Despite this, the island, a Unesco world heritage site, is an extraordinary tourist asset, even in a country where there is much to choose from along the 2800km of coastline.

An Arab port before Vasco da Gama's arrival in 1498, the island became the capital of Portuguese east Africa and a centre for the trade in spices, slaves and gold, until the end of the 19th century when it moved south to today's Maputo.

The Chapel of Nozza Senhora de Baluarte, built in 1522 in the fort at the end of the peninsula, is said to be the oldest European building in the southern hemisphere.

Tourism has been slowly growing over the past decade, up to over 7000 visitors in 2010. Now there are big choices to be made, which could transform the island from an adventure to a jet-set destination.
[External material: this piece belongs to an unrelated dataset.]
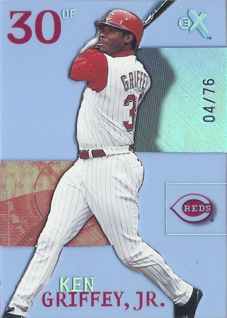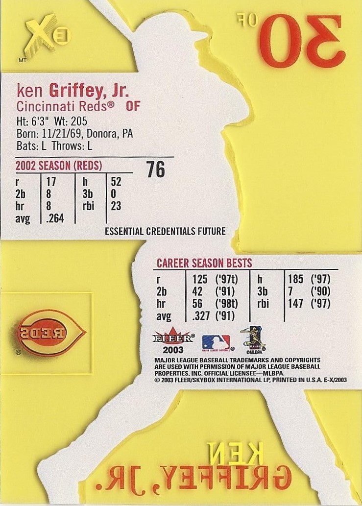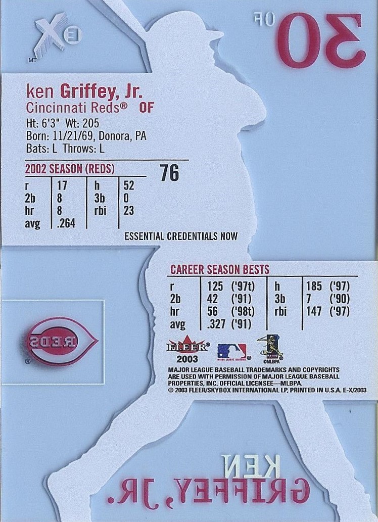 I'll go ahead and mention here that Griffey is in ZERO inserts in 2003 E-X. Goose egg. Nada. That brings the total number of cards needed to complete Griffey checklist to three: his short-printed base card and the two Essential Credentials parallels.

The most iconic building is the 19th-century hospital, once the largest such facility in sub-Saharan Africa, but badly dilapidated, which would make a lovely luxury hotel. But who will pay for a new hospital? And can an investor move the primary school, which obscures the sea view? More than 1400 children are educated here.

There is a need to take the tourism development process to the next level, from guesthouses and home stays to a five-star hotel.

The island, where the facilities were designed for 5000 and today support at least 17000 people, will need to depopulate. The only way to achieve this, it seems, is to offer attractive employment prospects on the mainland. Yet the island offers better opportunities.

The cycle of underdevelopment demands leadership to establish both vision and policy. And it requires people thinking beyond today and focusing on tomorrow's opportunities.

  • Mills has been on the Ilha de Mozambique this week.